TASK OBJECTIVE: Return, with both end lines included, exactly what the data below holds from the line with "Um convite de" through the line with "Coral orange kaftan", though not the pictures.

RECORD EXCERPTS:
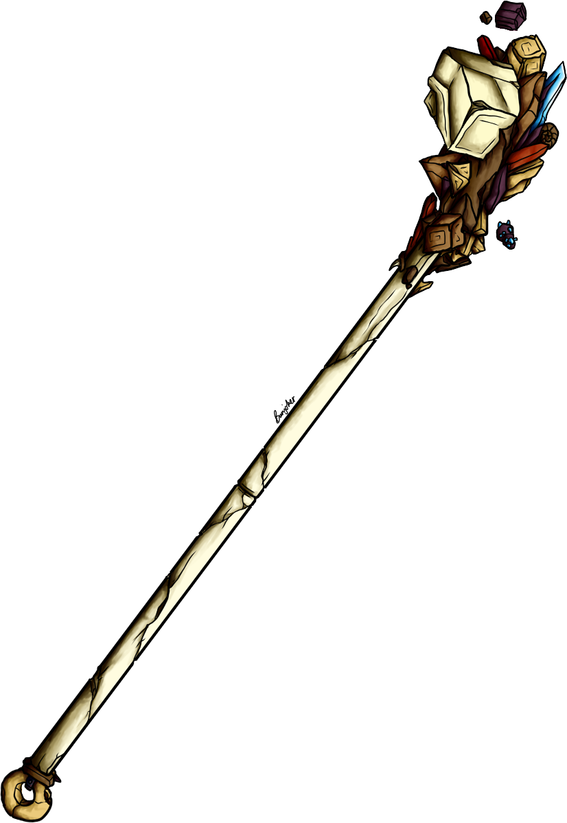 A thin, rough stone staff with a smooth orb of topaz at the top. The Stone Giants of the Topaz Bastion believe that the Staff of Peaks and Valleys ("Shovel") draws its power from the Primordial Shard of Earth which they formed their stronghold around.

==

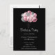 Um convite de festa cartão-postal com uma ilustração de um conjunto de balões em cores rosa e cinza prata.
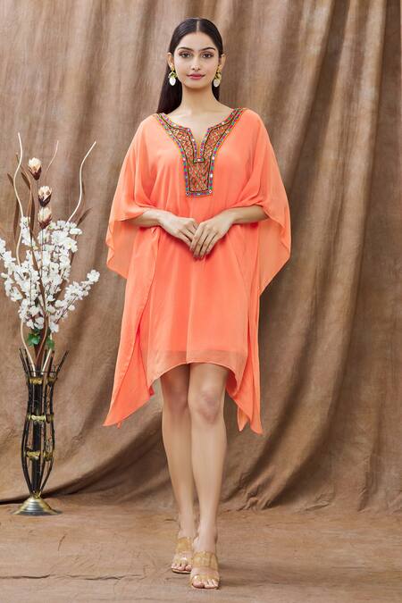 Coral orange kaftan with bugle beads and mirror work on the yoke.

--

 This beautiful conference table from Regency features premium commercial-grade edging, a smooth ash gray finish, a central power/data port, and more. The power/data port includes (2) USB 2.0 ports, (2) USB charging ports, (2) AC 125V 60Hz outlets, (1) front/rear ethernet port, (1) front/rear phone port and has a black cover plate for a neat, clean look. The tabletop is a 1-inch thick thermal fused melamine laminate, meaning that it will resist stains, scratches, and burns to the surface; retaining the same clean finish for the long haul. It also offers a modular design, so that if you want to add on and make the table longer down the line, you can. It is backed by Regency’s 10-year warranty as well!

EXERCISE SOLUTION:
 Um convite de festa cartão-postal com uma ilustração de um conjunto de balões em cores rosa e cinza prata.
 Coral orange kaftan with bugle beads and mirror work on the yoke.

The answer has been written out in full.